SYNOD-OWNERSHIP Oct-10-2008 (470 words) xxxi

Each Catholic should have a Bible, says Nigerian bishop

By Carol Glatz
Catholic News Service

VATICAN CITY (CNS) -- Love and appreciation for the Bible are aided by encouraging Catholics to own a Bible even if they are unable to read it, said a Nigerian archbishop.

In his Oct. 9 address to the Synod of Bishops on the Bible, Archbishop Ignatius Kaigama of Jos said sometimes the church in Nigeria requires that people have a Bible before they can be baptized, confirmed or married.

Wealthier Catholics help provide Bibles for others since Catholic editions are very expensive, he said, noting that Catholic editions in the local language are virtually nonexistent.

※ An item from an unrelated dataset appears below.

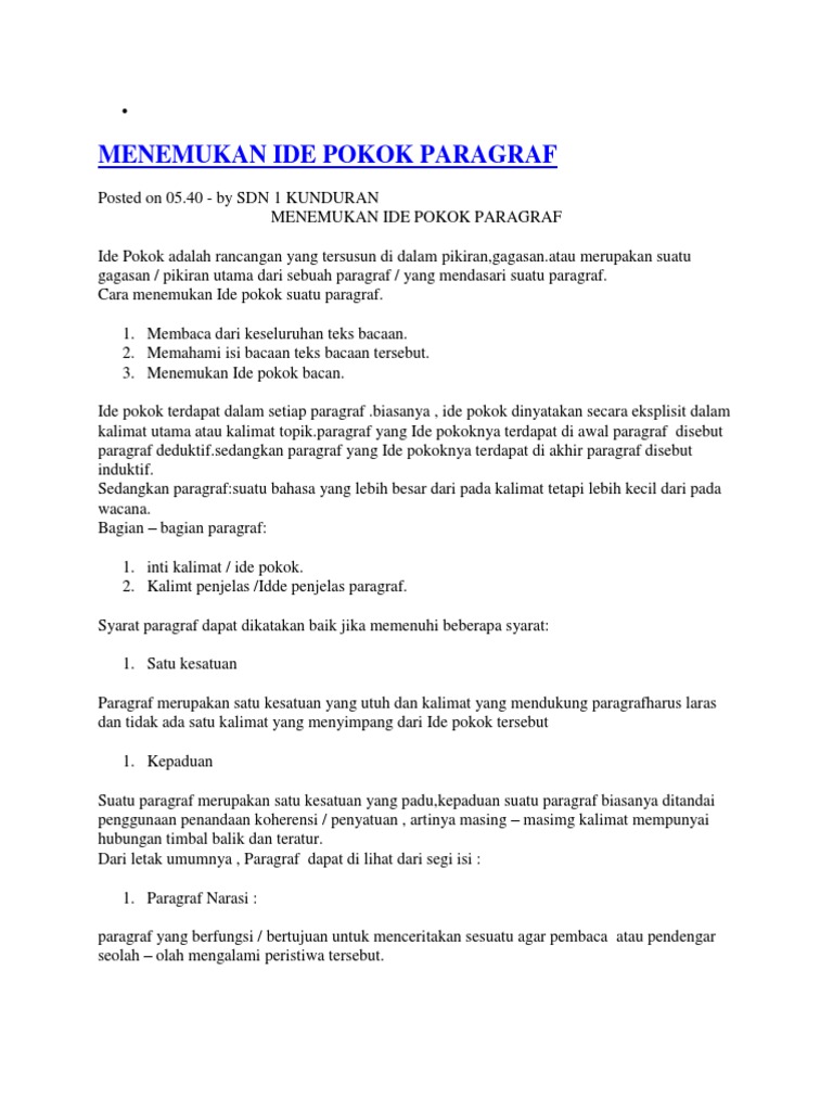 Pengertian Ide Pokok dan Unsur Paragraf Lengkap …

The archbishop said parents are urged to bring to their child's baptism a Bible "which will be kept for the child until he or she can read it."

"We encourage the enthronement and sharing (of the) Bible at home and among family members" and encourage "ownership of the Bible even by those who cannot read," he said.

Archbishop Kaigama said "the word of God should provide the ingredients for genuine Christian living."

Unfortunately "when it comes to ethnic or political issues, people who share the same word of God and the Eucharist are ready to take up arms against each other."

He said such conflict is possible when Jesus and the Bible have no relevance or are secondary in people's lives. It is also possible when the word is "so superficial that they can easily fall back into syncretism, being comfortable as church members as well as patronizing soothsayers or secret societies."

More neighborhood-based, informal catechetical gatherings and daily personal readings of biblical passages are needed so that the word of God "can root the Christian in Gospel values" and help bring about economic, political and social transformation at home and in society, he said.

Bishop Vincenzo Paglia of Terni, Narni and Amelia, the president of Italy's Catholic Biblical Federation, said in his Oct. 10 address that the church should not be afraid to put the Bible "in the hands of everybody, not just the faithful."

While often there may be a Bible in Christian homes, "it is rare individual Christians each have their own personal Bible," he said, adding that how to help bring about such personal ownership must be one of the goals of the synod.

The Bible is God's letter of love to humanity, so "why delay, or worse yet, avoid delivering it" to all people, he asked.

Bishop Guillermo Loria Garita of San Isidro, Costa Rica, told the synod assembly Oct. 9 the church must "help people be protagonists in their discovery of the riches and the wisdom of the word of God, to accompany them in solid and systematic formation, and to give them all that they need in order to understand the text."